An exact restatement of all the data is required, with the pictures left out.

Source material
● ● ● ●
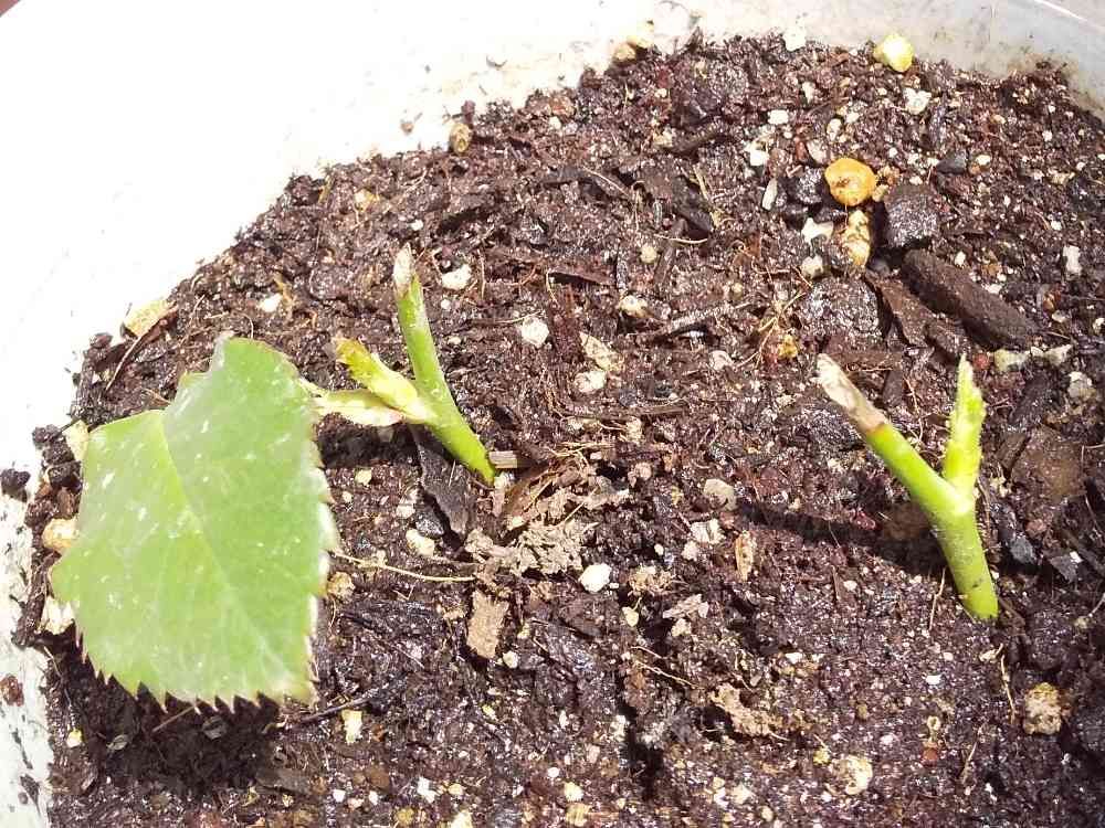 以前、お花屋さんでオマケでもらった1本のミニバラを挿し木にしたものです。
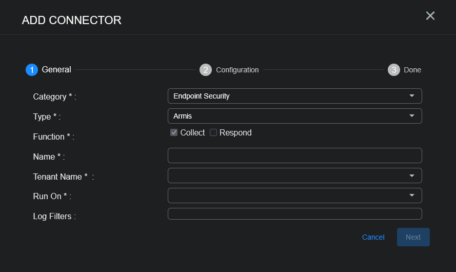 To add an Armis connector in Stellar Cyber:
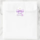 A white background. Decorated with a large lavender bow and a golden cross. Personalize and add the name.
● ● ● ●
Answer box
 以前、お花屋さんでオマケでもらった1本のミニバラを挿し木にしたものです。
 To add an Armis connector in Stellar Cyber:
 A white background. Decorated with a large lavender bow and a golden cross. Personalize and add the name.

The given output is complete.